En el suicida, no hay ira sino frustración, un alto grado de depresión, una incapacidad de ver más allá de la oscuridad que lo envuelve una luz que señala el final de ese túnel tenebroso que lo agobia; en el homicida hay ira, un fuerte síndrome destructivo; destructivo de vidas y cosas. En ambos casos, los horizontes se reducen hasta desaparecer y, en la misma proporción, adquiere dimensiones obnubilantes esa fuerza fatal de morir, o matar.



Cuando Anastasio, el marido de Isabelina de mi cuento “Las corbatas de Isabelina” decidió quitarse la vida, lo hizo en total confidencialidad. Ni antes de colgarse de la lámpara de lágrimas ni después que encontraron el cuerpo, se pudo identificar el punto exacto en que el disparador gatilló el percutor para que una idea se transformara en un hecho.

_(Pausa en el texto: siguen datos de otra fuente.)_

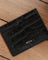 Format idéal : plat et rectangulaire - 2 grandes fentes sur le devant - logo marqué à chaud et doré - 4 fentes format carte de crédit sur le dos - poche milieu -finitions bords francs teintés - doublure unie noire 100% coton

¡Un hecho trágico! La nota que escribió Anastasio, más que explicar las razones, dejaba una serie de interrogantes que solo podrían responderse mediante conjeturas. “Me voy”, escribió, “en busca de un mundo mejor. Quizás no sea la manera más convencional de llegar a él, pero ¿y si me va bien?... Que todos ustedes descansen en paz que yo voy en busca de lo mismo”. 



No todos los suicidas dejan notas explicativas, lo que hace más compleja la situación, de por sí engorrosa.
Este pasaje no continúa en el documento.